━━ COLLECTED MATERIAL ━━

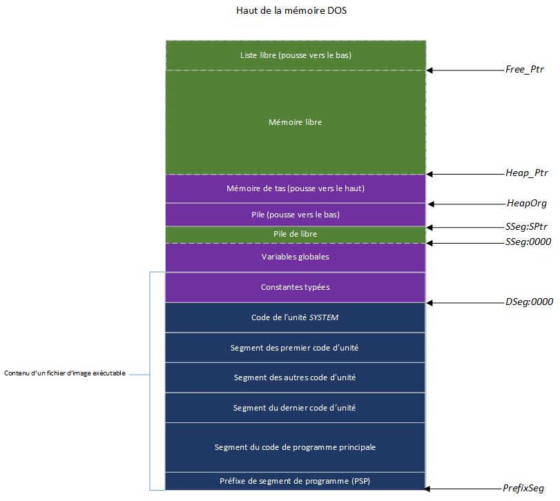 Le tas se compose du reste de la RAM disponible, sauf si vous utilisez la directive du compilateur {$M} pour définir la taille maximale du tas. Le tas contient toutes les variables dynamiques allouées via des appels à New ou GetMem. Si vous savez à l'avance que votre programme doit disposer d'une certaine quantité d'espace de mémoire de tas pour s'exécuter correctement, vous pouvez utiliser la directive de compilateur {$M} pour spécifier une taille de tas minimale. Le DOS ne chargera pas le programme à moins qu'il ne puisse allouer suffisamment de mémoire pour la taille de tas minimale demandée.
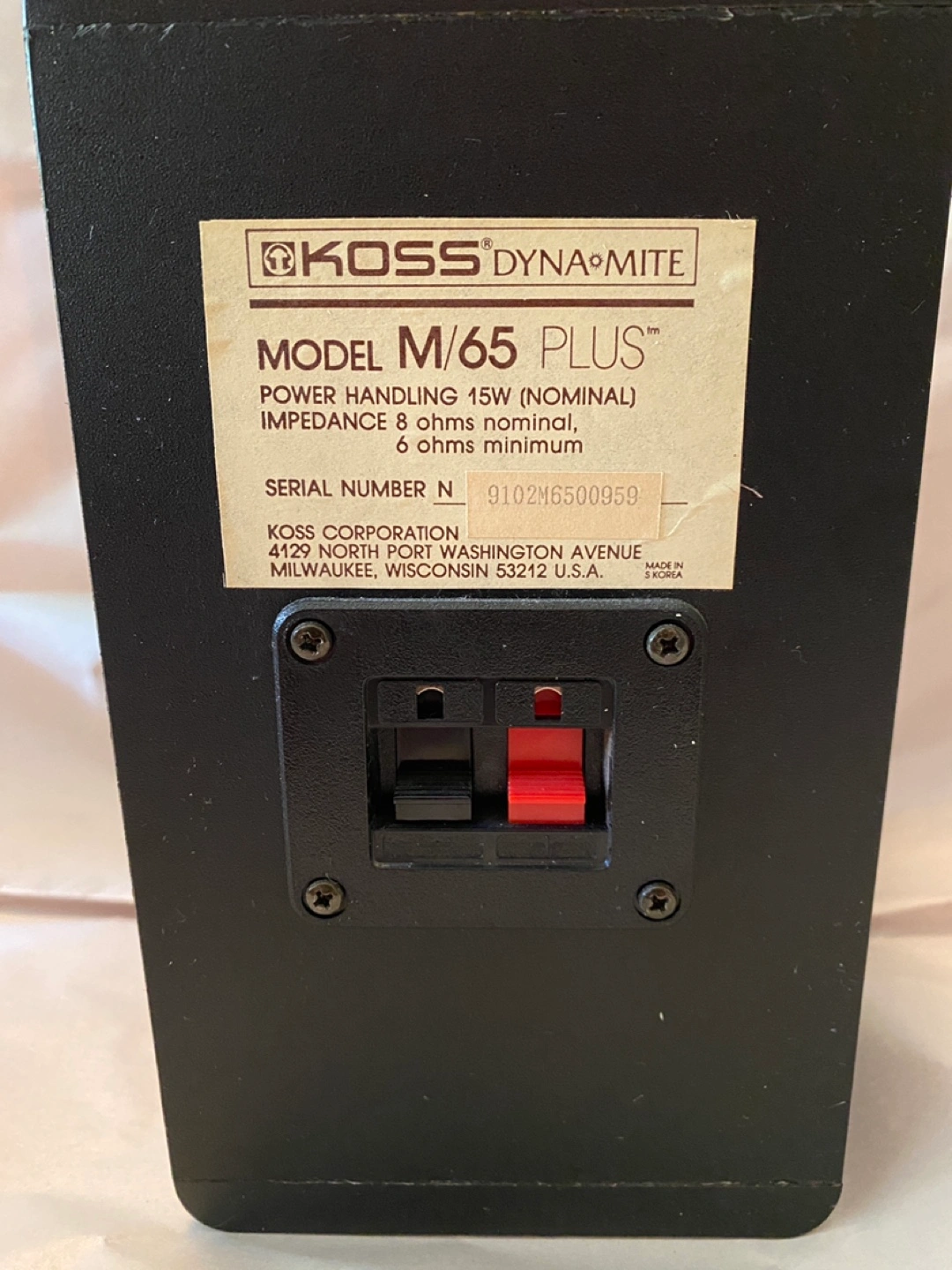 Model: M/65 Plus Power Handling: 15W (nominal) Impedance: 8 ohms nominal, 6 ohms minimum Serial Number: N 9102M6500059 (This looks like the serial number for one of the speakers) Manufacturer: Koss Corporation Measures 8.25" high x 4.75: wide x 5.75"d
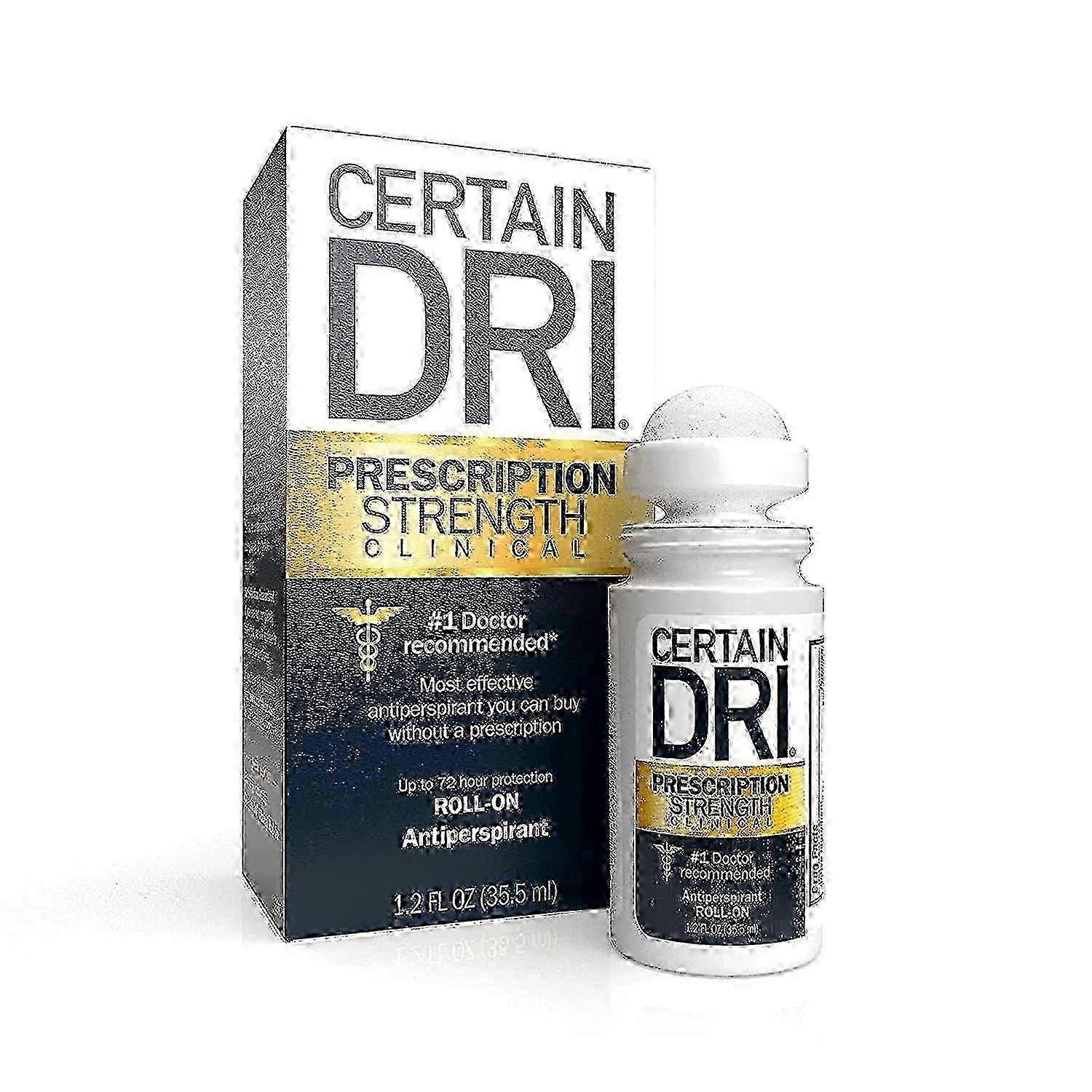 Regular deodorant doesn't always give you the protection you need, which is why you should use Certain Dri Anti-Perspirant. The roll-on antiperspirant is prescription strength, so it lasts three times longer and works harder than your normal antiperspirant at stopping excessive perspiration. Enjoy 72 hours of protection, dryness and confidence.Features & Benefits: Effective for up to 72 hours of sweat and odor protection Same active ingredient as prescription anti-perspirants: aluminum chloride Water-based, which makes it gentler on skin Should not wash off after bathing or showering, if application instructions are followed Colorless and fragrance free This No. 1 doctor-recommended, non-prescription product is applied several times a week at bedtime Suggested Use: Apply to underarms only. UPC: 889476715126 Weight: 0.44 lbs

━━━

**TASK TO COMPLETE:**
The result should be the full listing, retyped exactly and free of pictures.

**WRITTEN SOLUTION:**
 Le tas se compose du reste de la RAM disponible, sauf si vous utilisez la directive du compilateur {$M} pour définir la taille maximale du tas. Le tas contient toutes les variables dynamiques allouées via des appels à New ou GetMem. Si vous savez à l'avance que votre programme doit disposer d'une certaine quantité d'espace de mémoire de tas pour s'exécuter correctement, vous pouvez utiliser la directive de compilateur {$M} pour spécifier une taille de tas minimale. Le DOS ne chargera pas le programme à moins qu'il ne puisse allouer suffisamment de mémoire pour la taille de tas minimale demandée.
 Model: M/65 Plus Power Handling: 15W (nominal) Impedance: 8 ohms nominal, 6 ohms minimum Serial Number: N 9102M6500059 (This looks like the serial number for one of the speakers) Manufacturer: Koss Corporation Measures 8.25" high x 4.75: wide x 5.75"d
 Regular deodorant doesn't always give you the protection you need, which is why you should use Certain Dri Anti-Perspirant. The roll-on antiperspirant is prescription strength, so it lasts three times longer and works harder than your normal antiperspirant at stopping excessive perspiration. Enjoy 72 hours of protection, dryness and confidence.Features & Benefits: Effective for up to 72 hours of sweat and odor protection Same active ingredient as prescription anti-perspirants: aluminum chloride Water-based, which makes it gentler on skin Should not wash off after bathing or showering, if application instructions are followed Colorless and fragrance free This No. 1 doctor-recommended, non-prescription product is applied several times a week at bedtime Suggested Use: Apply to underarms only. UPC: 889476715126 Weight: 0.44 lbs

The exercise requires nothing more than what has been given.